— Да ничего. Не все же такие трусы и дезертиры, как я. Ну, отчего ушли, к тому и пришли. Я ж говорил, что у тебя храбрости побольше.
— Да ладно тебе… Хочешь, сказку расскажу?
— Э?
— Жил на свете рыцарь. Без страха и упрека. И за то, что был он честен и смел, дарованы ему были крылья — длинные белые крылья… но до поры до времени невидимые. Так этому рыцарю и было сказано — крылья есть, они всегда с тобою, но поднимут тебя над землей только один раз в жизни: тогда, когда ты примешь главное свое решение, когда на последнюю битву пойдешь. Но это решать лишь тебе — и если ошибешься, не явятся крылья второй раз… не промахнись, не ошибись, рыцарь.
Настало жестокое время, и верно служил рыцарь своему сеньору, а что был сеньор глуп да злобен — что поделаешь, не пойдешь против клятвы — если ты рыцарь, конечно.
И вот почуял рыцарь войну меж своею страной и соседями и понял, что не выиграть его стране эту войну — хоть и сражаться будет до последнего, теряя миллионы своих сынов. Не боялся рыцарь битвы — ибо много битв прошел. Боялся он — глупости, да властолюбия, да тщеславия сеньора своего, да бессмысленной гибели многих боялся… И понял, что некому остановить эту войну — хоть и понимал, быть может, что никто его не послушает… Но выхода иного не видел — и потому сказал: «Крылья, вы нужны мне». В тот же час отросли крылья… и полетел он, даже с женой не простившись, искренне веря, что не бессмыслен его полет…
Рихард сдвинул брови, когда Бальдур замолчал.
— Прости, горло пересохло…
Рихард рысью принес графин с водой.
— Спасибо. Так вот… Летел он, летел, и наконец увидел внизу чужую землю. И в тот миг исчезли, растаяли в воздухе его крылья… Высоко пришлось падать. А когда нашли его правители чужой страны, то ни одному его слову не поверили — и приказали заточить его в крепость и держать взаперти, словно безумного.
Рихард уже почти догадался.
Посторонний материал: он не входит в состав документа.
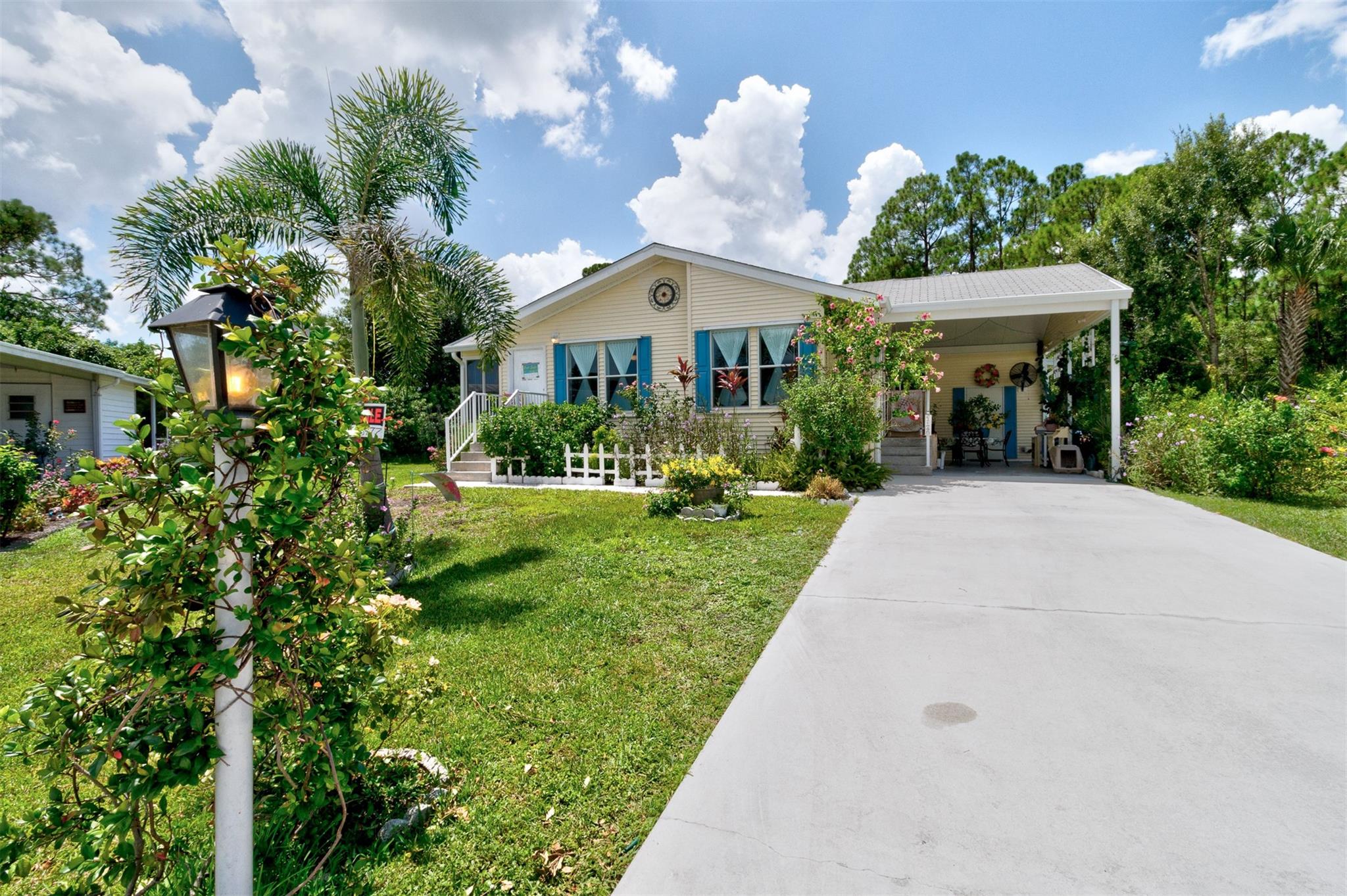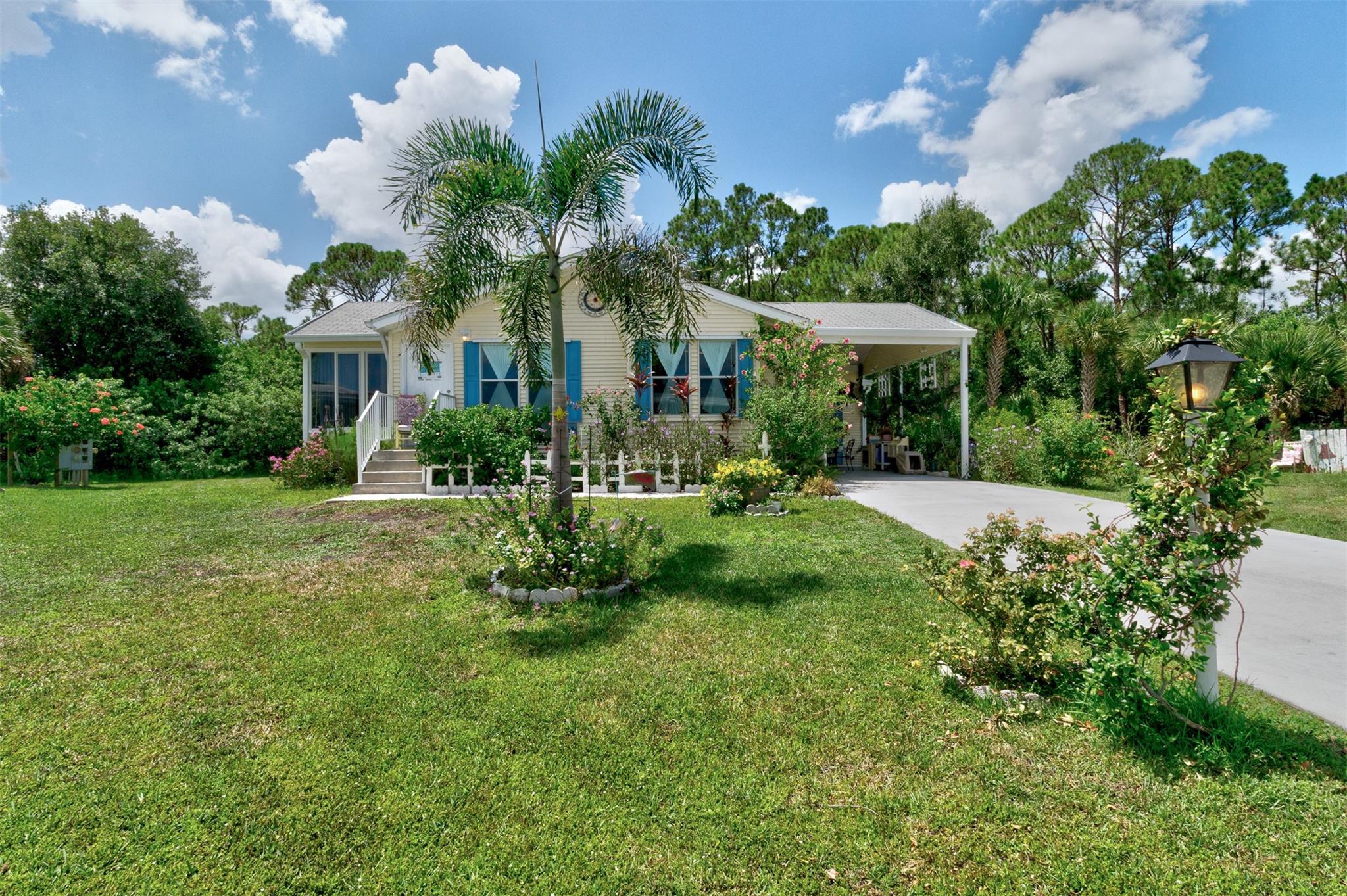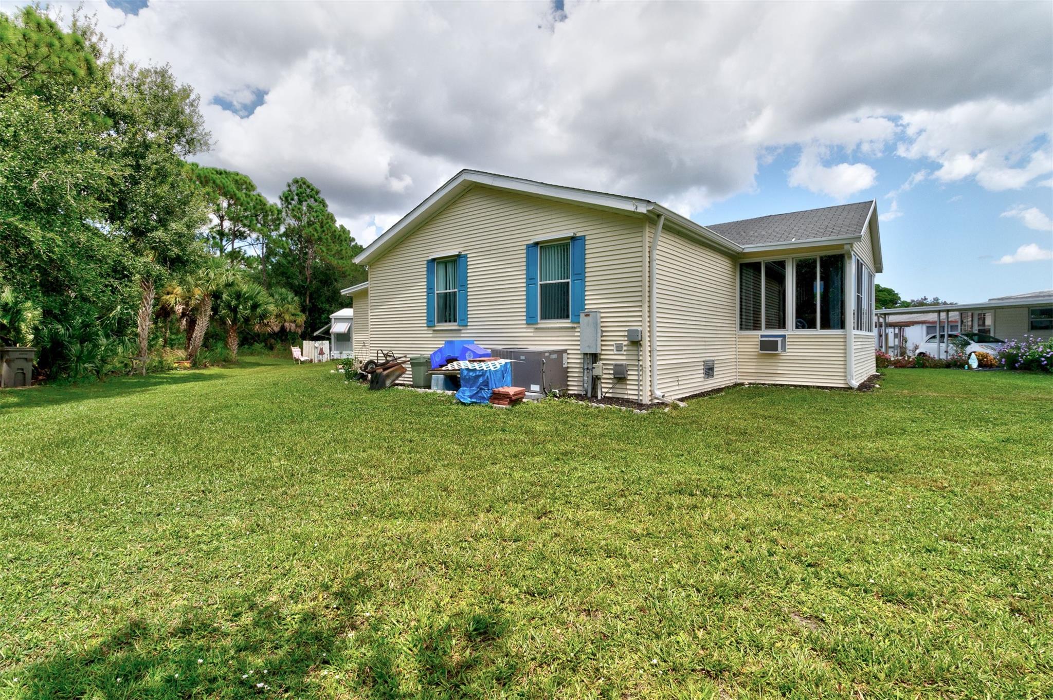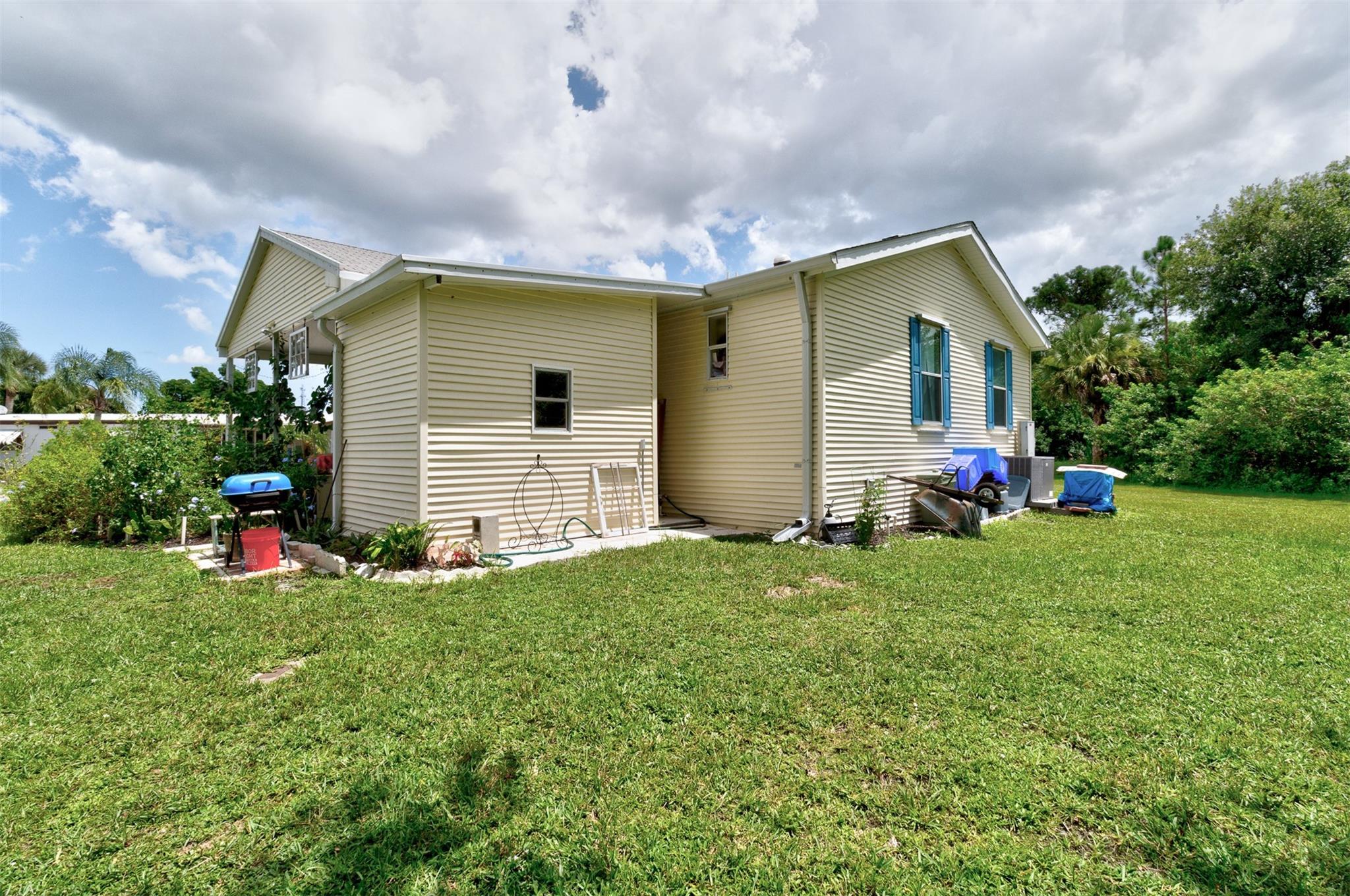 Adorable Artists Home on a double corner lot (only one lot rent) with wooded back yard. New Floors, New sink. AC& hotwater are 2016. Whole house Fully wired to a 9000 watt new generator. A Gardener's dream. this 2/2 will make you want to move in. Shingled roof. 10x 8 shed with electricity. Wide drive holds 3 cars...Heritage Plantation has a clubhouse, tennis and pool and much more Pet FRiendly. Convenient to I 95 and the Indian River Mall area with restaurants and shopping. Artists will love this house.

И спросил:
— А на его родине?
— А на его родине его тоже объявили безумным, ибо считалось, что война необходима… Так вот, Рихард. Я не столь честен и смел, не положено мне белых крыльев, и понял я это давно. А потому и ответ мне держать — как простому пленному солдату — за все, что натворил на земле придурочный мой сеньор, потому что я был под его знаменами.
— Как и я. Но мы же поняли — это неправильно, это… была наша ошибка….
— Скажи это тем, кто приходит к тебе по ночам.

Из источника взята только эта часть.